The other day, one of my LM7.2 systems stopped handling NFS:
[root@woody /]# netstat -l
Proto Recv-Q Send-Q Local Address Foreign Address State
udp 16992 0 *:2049 *:*
^^^^^
[root@woody /]# ps auxww | grep nfs
root 656 0.0 0.0 0 0 ? DW Mar21 0:01 [nfsd]
root 657 0.0 0.0 0 0 ? DW Mar21 0:01 [nfsd]
root 659 0.0 0.0 0 0 ? DW Mar21 0:01 [nfsd]
root 660 0.0 0.0 0 0 ? DW Mar21 0:01 [nfsd]
root 661 0.0 0.0 0 0 ? DW Mar21 0:01 [nfsd]
root 662 0.0 0.0 0 0 ? DW Mar21 0:01 [nfsd]
root 663 0.0 0.0 0 0 ? DW Mar21 0:01 [nfsd]
Note how pid 658 is missing... while I no longer have logs to prove it, I
recall the LM6.1 system had a similar missing pid when the problem occured
there.
/var/log/messages (server):
Apr 10 11:53:58 woody rpc.nfsd: nfssvc: Address already in
use
/var/log/kernel/warnings (client):
Apr 8 04:10:52 bones kernel: nfs: server woody not responding, timed out
Apr 9 04:00:17 bones kernel: nfs: server woody not responding, timed out
Apr 9 04:12:33 bones kernel: nfs: server woody not responding, timed out
Apr 10 00:09:55 bones kernel: nfs: server woody not responding, timed out
Apr 10 00:20:01 bones kernel: nfs: server woody not responding, timed out
Apr 10 00:21:24 bones kernel: nfs: server woody not responding, timed out
Apr 10 00:23:41 bones kernel: nfs: server woody not responding, timed out
Apr 10 04:00:18 bones kernel: nfs: server woody not responding, timed out
Apr 10 04:11:36 bones kernel: nfs: server woody not responding, timed out
# trying to access NFS mounted files...
Apr 10 11:33:19 bones kernel: nfs: server woody not responding, timed out
Apr 10 11:36:00 bones last message repeated 4 times
Apr 10 11:36:00 bones kernel: nfs_read_super: get root fattr failed
Apr 10 11:40:24 bones kernel: nfs: server woody not responding, timed out
Apr 10 11:40:24 bones kernel: nfs_read_super: get root fattr failed
Apr 10 11:50:51 bones kernel: nfsd: terminating on signal 9
Apr 10 11:50:51 bones last message repeated 7 times
Apr 10 11:50:51 bones kernel: nfsd: last server exiting
/var/log/kernel/errors (server):
Apr 7 12:01:15 woody kernel: Unable to handle kernel NULL pointer dereference
at virtual address 00000000
Apr 7 12:01:15 woody kernel: current->tss.cr3 = 00101000, %%cr3 = 00101000
/var/log/kernel/warnings (server):
Apr 7 12:01:15 woody kernel: Oops: 0000
Apr 7 12:01:15 woody kernel: CPU: 0
Apr 7 12:01:15 woody kernel: EIP: 0010:[<00000000>]
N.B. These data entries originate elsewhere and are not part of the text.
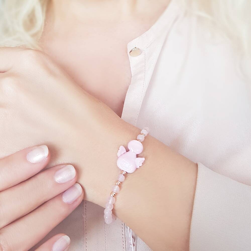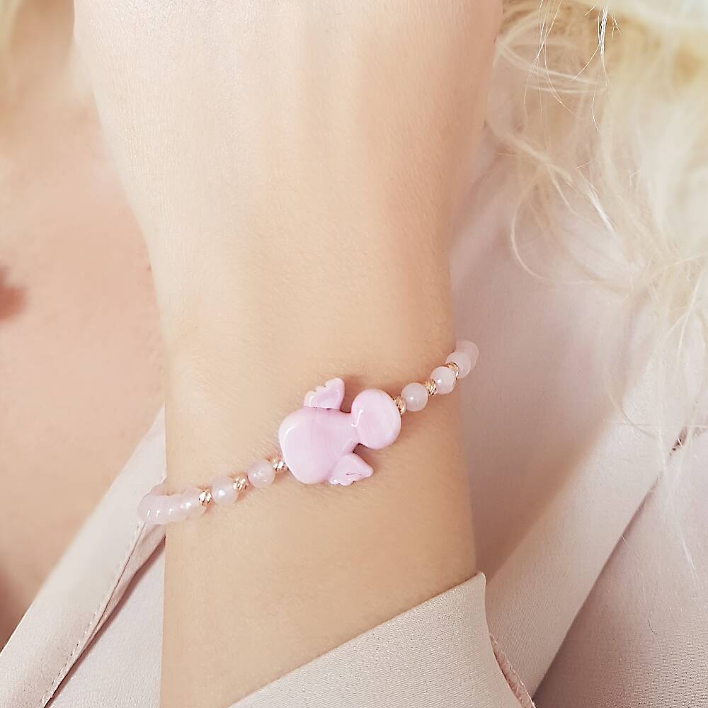 Vaoov El Yapımı Pembe Cam Melek Bileklik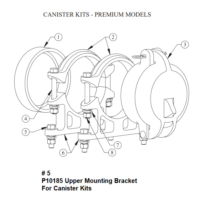 Upper Mounting Bracket For Canister Kits Wth Aluminum Caps And Lid Assemblies #01-3400-P 6-5/8" O.D. Schedule 30/40 Pvc And, Canister Mounting Bracket Kit # 01-3400-25-P.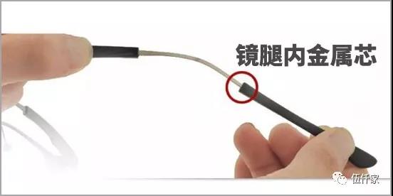 這屬于比較明顯的可以識別的金屬,但是還有一些眼鏡的金屬件是包含在金屬內(nèi)部的,就很難通過肉眼識別了。
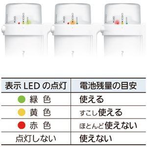 ●3色のLEDで電池残量も表示可能。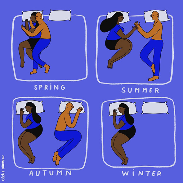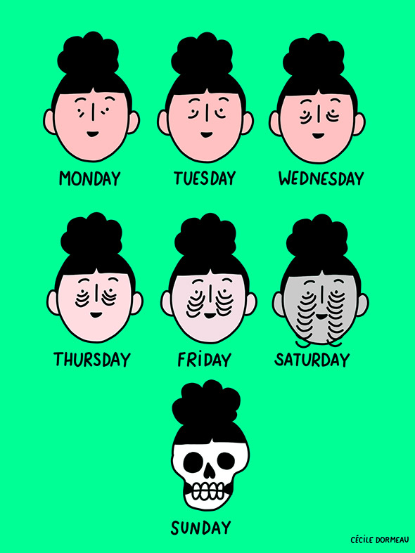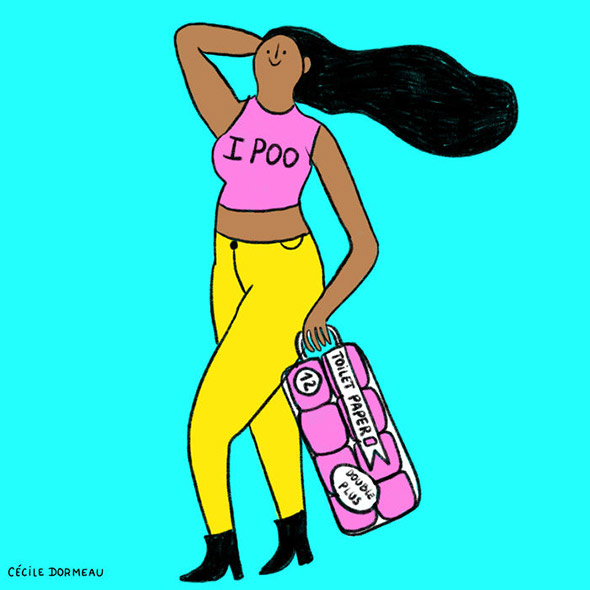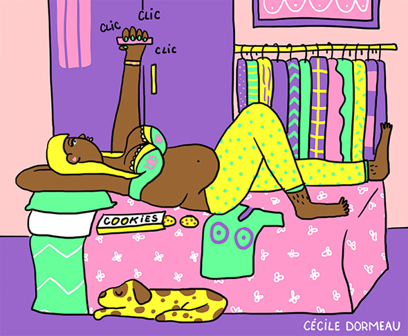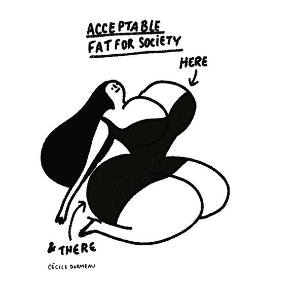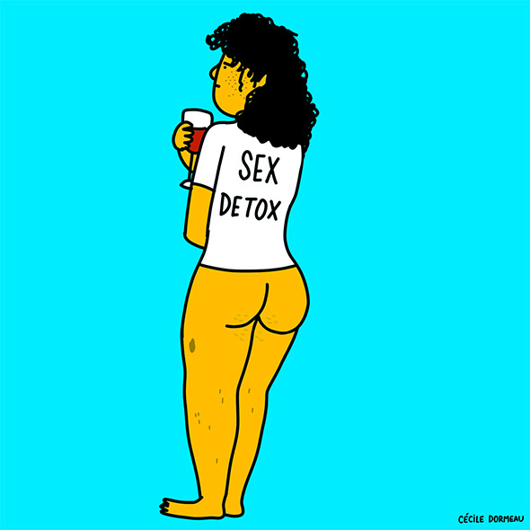 Illustratrice francese con esperienze nella comunicazione di alto livello ed una lunga lista di clienti eccellenti, Cécile Dormeau è una fiera fautrice della body-positivity che non ha paura di sfidare le convenzioni. Immortalate come illustrazioni o animate in divertenti gif, nel suo portfolio sfilano donne di tutte le taglie e colori, alle prese con junk food, chili di troppo, depilazioni, cicli mestruali, love story con o senza lieto fine.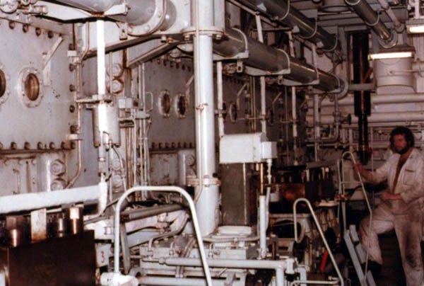 | These photos were taken in the engine room in 1978. The engineer in the photos is Willie John. All photos copyright © Willie John. | ||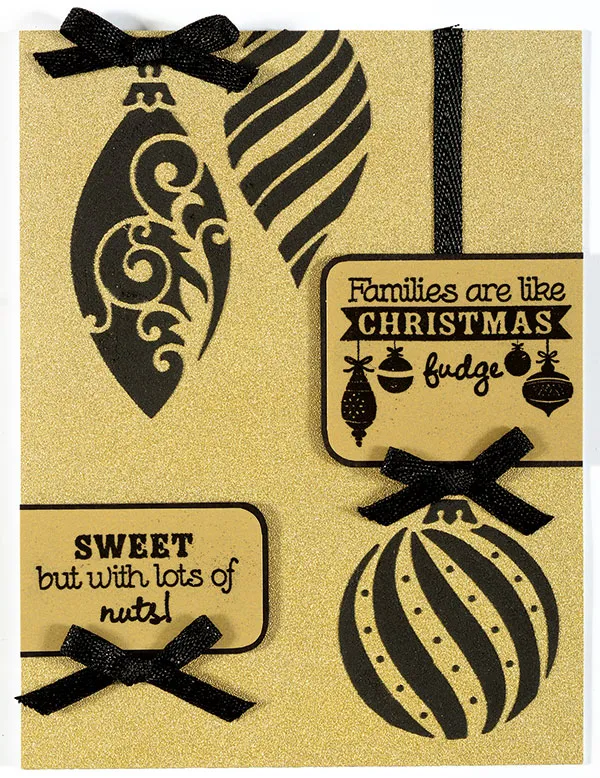 Cut 2 1/4"x1 3/4" gold vellum. Use VersaMark™ to stamp "Families are like…" greeting onto the center and heat emboss black. Round the top left and bottom left corners with the Corner Chomper (1/4" setting). Mat on black cardstock with a 1/16" border and foam tape to card flush with the right side, 1/4" above the ball ornament. Cut 2 1/8"x1 1/4" gold vellum and heat emboss “Sweet but with…” in the center with black. Round the top right and bottom right corners with the Corner Chomper and mat onto black cardstock. Glue to the card flush with the left edge and 1" from the bottom. Zot™ small black metallic bows at the base of the small greeting, the top of the flourish ornament, and the top of the ball ornament as shown.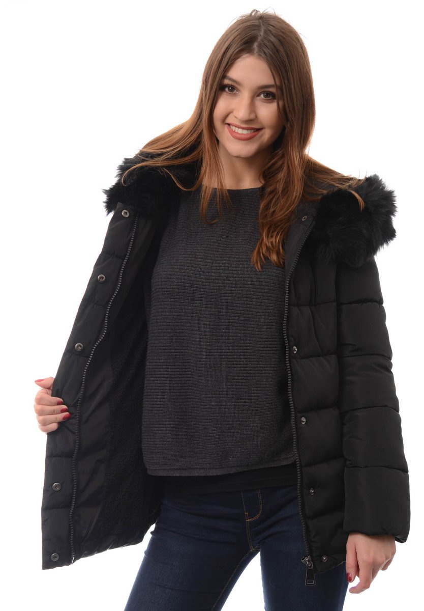 Rewelacyjna kurtka damska w kolorze czarnym. Ciepłe wypełnienie kurtki zapewnia ciepło w mroźne dni. Kurtka w środku wykończona jest przyjemnym "misiem". Rękawy kurtki są ocieplone, wykończone podszewką. Kurtka zapinana jest na suwak oraz napy. Kurtka posiada z przodu dwie kieszenie zasuwane na suwak. Przy kieszeniach kurtka ma ozdobne kulki z futerka, które można odpiąć. Nieodpinany kaptur z odpinanym futerkiem zapewnia ciepło w wietrzne zimowe dni. Kurtka posiada ozdobne suwaki nad kieszeniami. Kurtka posiada ściągacz na gumce w środku mankietu oraz ściągacze na dole od środka kurtki. Przód kurtki jest dłuży od tyłu o ok. 3cm. Kurtka wykonana jest z materiałów najwyższej jakości. Kurtka ocieplona jest bardzo wysokiej jakości wypełnieniem syntetycznym, które zapewnia doskonałą termoizolację oraz wysoki komfort użytkowania.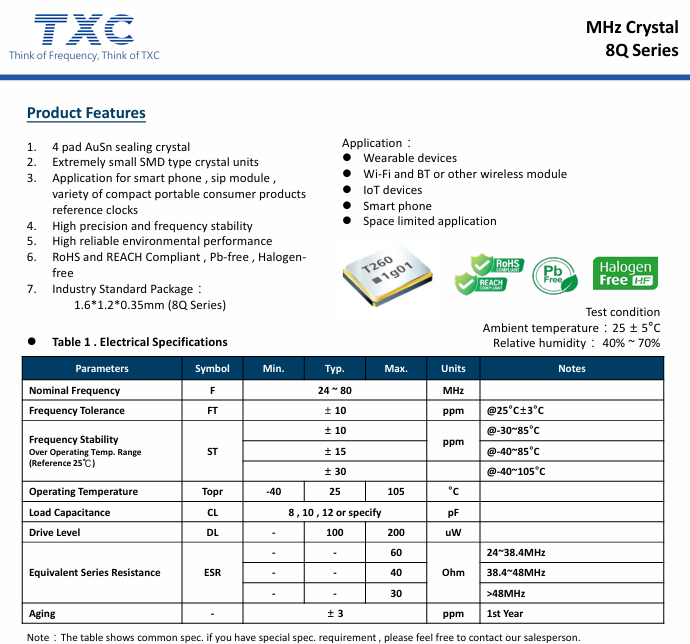 當(dāng)智能手機(jī)流暢運(yùn)行、可穿戴設(shè)備精準(zhǔn)監(jiān)測、物聯(lián)網(wǎng)設(shè)備互聯(lián)互通時(shí),很少有人會(huì)留意那顆藏于機(jī)身深處的“時(shí)間心臟”臺(tái)灣晶技晶振.臺(tái)灣TXC晶技推出的8Q26000008晶振,以1.6*1.2*0.35mm的方寸之軀,承載著高精度頻率控制的核心使命,堪稱小型化科技浪潮中的匠心典范.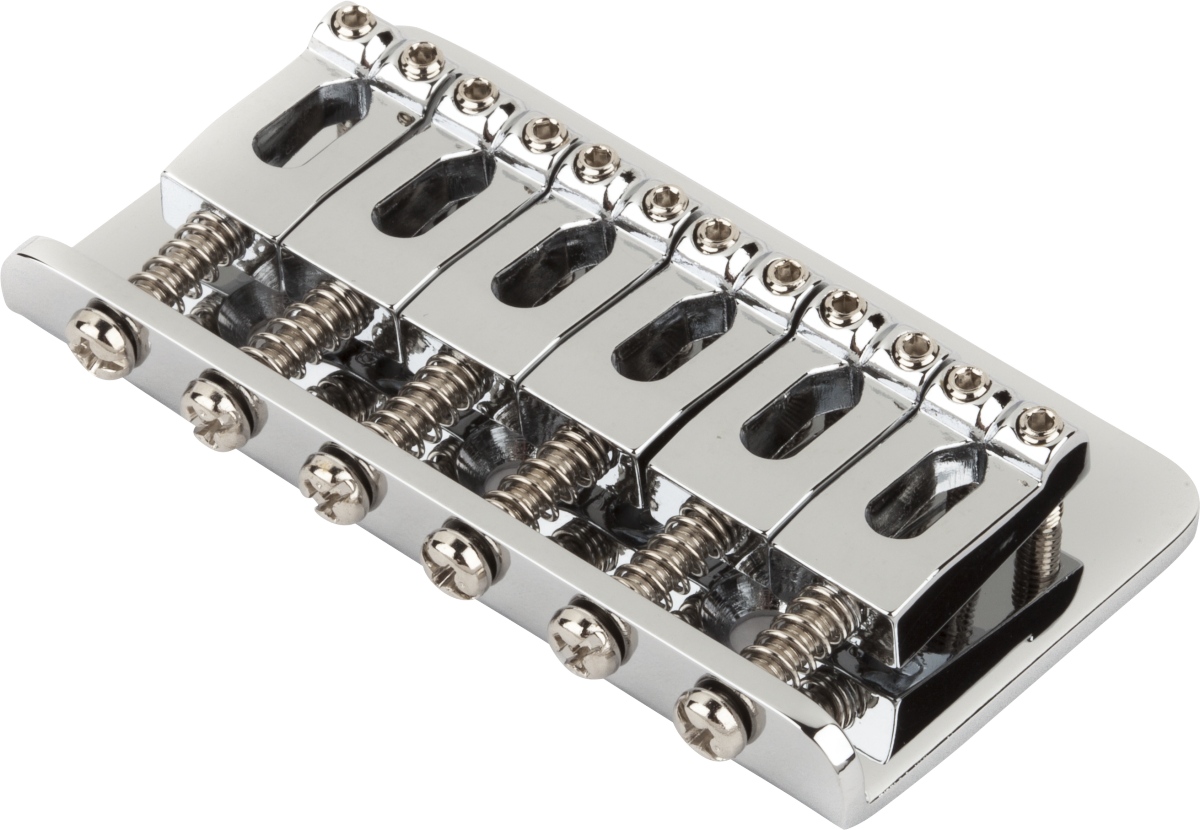Chrome-plated hardtail strings-thru-body bridge assembly with six block-style saddles, intonation screws, springs, and saddle height adjustment screws. Does not include bridge mounting screws.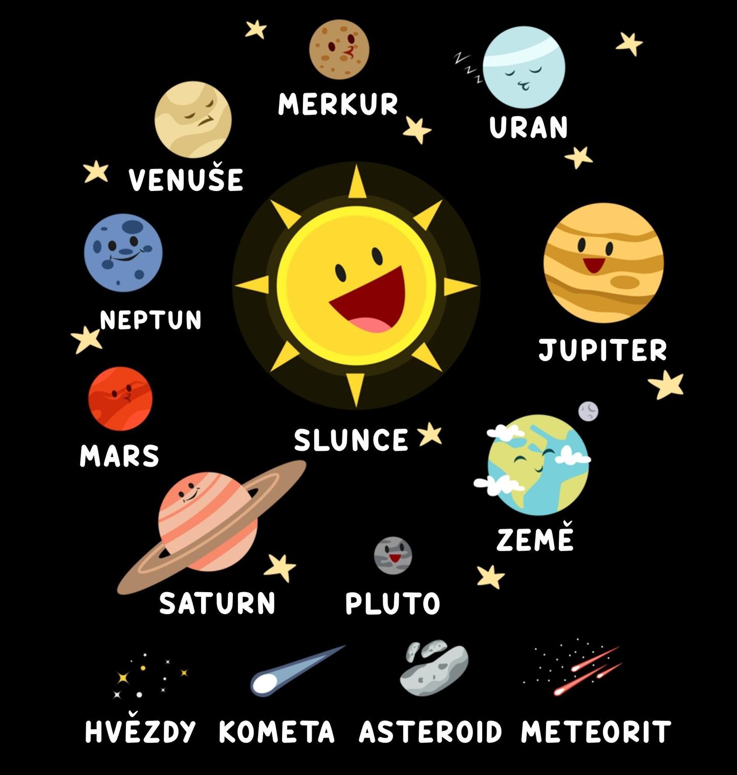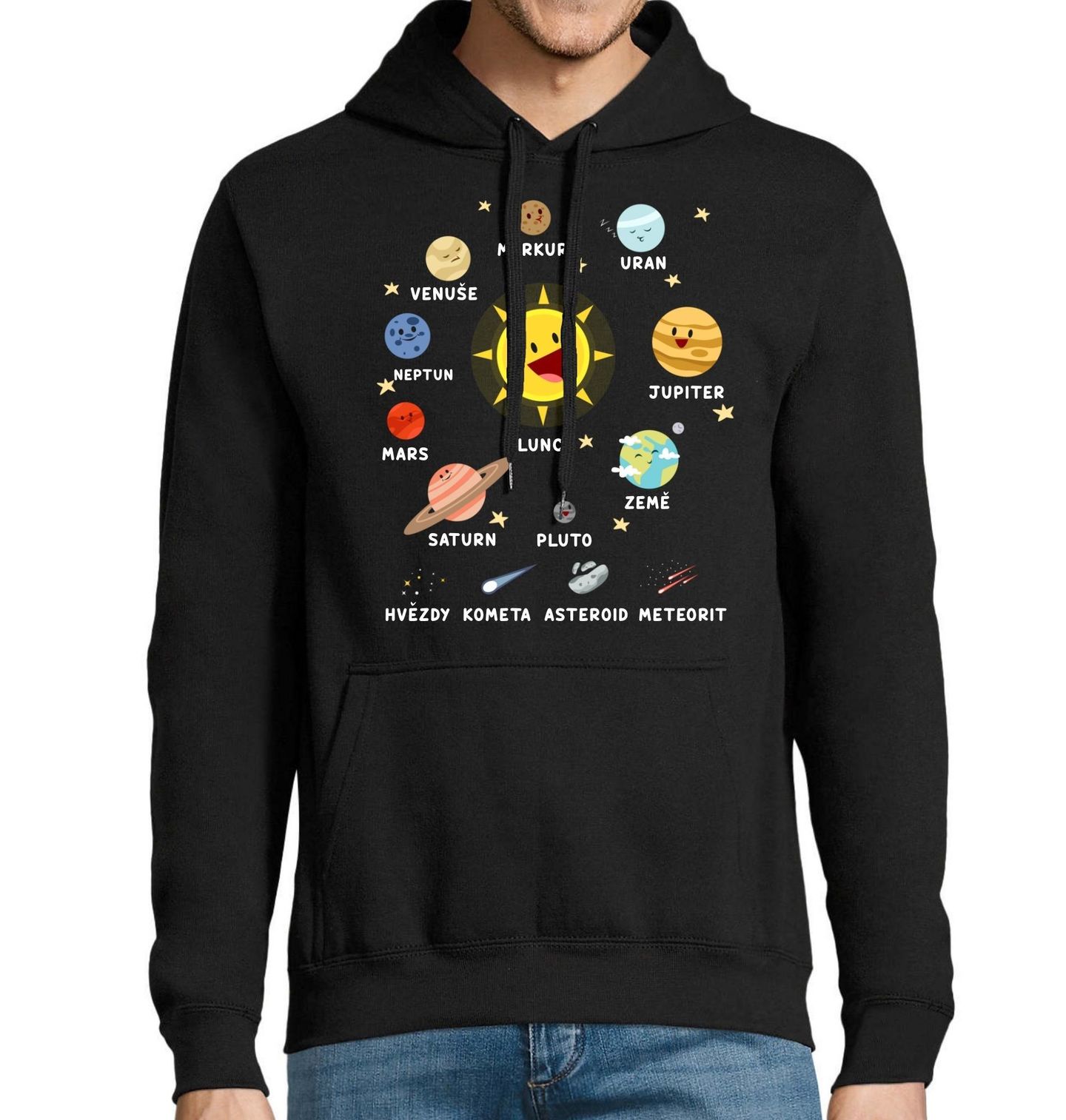 Pánská mikina Veselá Sluneční Soustava. Roztomilý motiv s veselými planetami a usměvavým Sluncem je ideální pro malé objevitele vesmíru. Barevné ilustrace s obličeji zaujmou děti na první pohled a hravou formou je naučí poznávat planety. Na motivu najdeš: Merkur, Venuši, Zemi, Mars, Jupiter, Saturn, Uran, Neptun a Pluto, Slunce, hvězdy, kometa, asteroid a meteorit.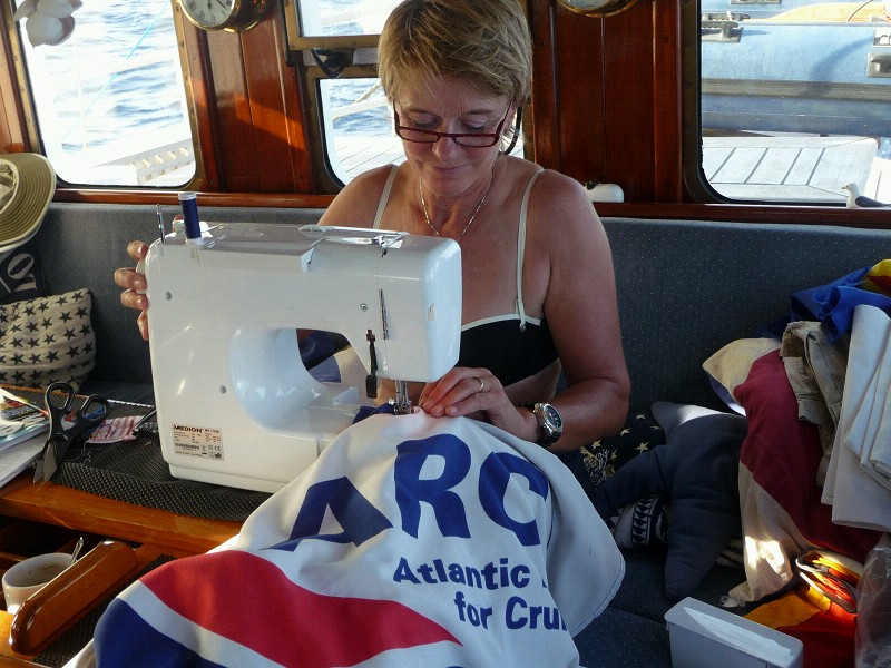 Wenn dann auf hoher See sonst nix zu tun ist, holt Marlene ihre Aldi-Nähmaschine aus der Backskiste und repariert: die eingerissene Hose, den aufgerissenen Reißverschluss, das Knopfloch am Sonnenschutz und die Flaggen. Die Deutschlandflagge am Besahnmast wird immer besonders strapaziert. Sie ist, da wir ja nun in jedem Land ein ausländisches Schiff sind, immer gesetzt, Tag und Nacht. Die Gastlandsflaggen, unter der Steuerbord-Saling gesetzt, leiden etwas weniger. Auch die Nähte unserer ARC-Flagge, die jedes Schiff bekommen hat, dass an dieser Reise über den Atlantik teilnimmt, müssen nachgenäht werden. Diese Flagge setzen wir im Hafen. Das machen alle anderen Schiffe auch und so lernt man schon mal die Mitstreiter kennen. Und in vielen Häfen zahlen wir als Teilnehmer dieser Regatta reduziertes Hafengeld. Das ist doch mal was! Damit die Nähmaschine läuft, muss allerdings der Inverter den Strom liefern. Hier kommen die 230 V zwar auch aus der Steckdose, aber nicht so einfach wie zu Hause. Da müssen aus den vorhandenen 24 V erstmal 230 V gemixt werden. Und wie das geht, das verraten wir später mal.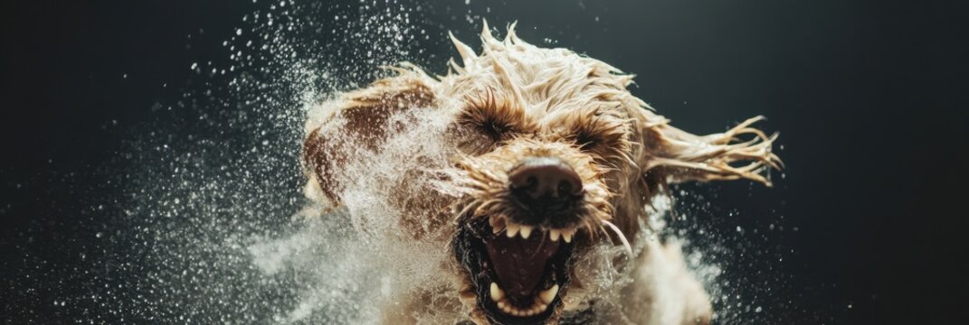 Dog shakes off water after a bath creating a hilarious grooming fiasco filled with splashes and chaos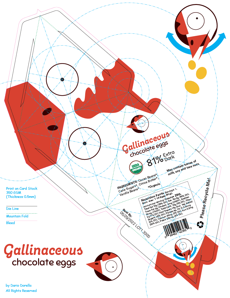 For an extra challenge the package is designed to stick together without glue. The prototypes worked well. Though I have not tried this at scale, the few lucky recipients of a Gallinaceous Chocolate Eggs package did not report it falling apart.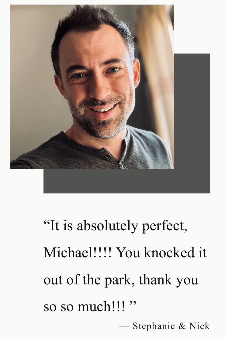 “Michael does an amazing job! We had heard from so many of our friends how much they loved having a videographer or had wish that they had had one. Michael met with us, got to know our needs, and we were so excited to have him on our special day. Videos are only as good as the quality, composition, music, and storytelling and Michael does the most amazing job of weaving all of those elements together. We could NOT be happier as customers of FILMS ABOUT LOVE!”

Apr 7 12:01:15 woody kernel: EFLAGS: 00013283
Apr 7 12:01:15 woody kernel: eax: 00000000 ebx: c03907c4 ecx: 00000000
edx: c3ee9000
Apr 7 12:01:15 woody kernel: esi: c02824d8 edi: c03907cc ebp: c02824d8
esp: c262de08
Apr 7 12:01:15 woody kernel: ds: 0018 es: 0018 ss: 0018
Apr 7 12:01:15 woody kernel: Process nfsd (pid: 658, process nr: 32,
stackpage=c262d000)
Apr 7 12:01:15 woody kernel: Stack: c03907c4 c03907cc c0134a3b c03907c4
6401a8c0 c48485b3 c32040c0 00000000
Apr 7 12:01:15 woody kernel: c02824d8 00296ea6 c3ee9000 04000001
c2640120 c02824d8 c013510b c3ee9000
Apr 7 12:01:15 woody kernel: 00296ea6 c02824d8 00000013 c2640120
00000000 02000000 00296e5b c2948984
Apr 7 12:01:15 woody kernel: Call Trace: [get_new_inode+147/304]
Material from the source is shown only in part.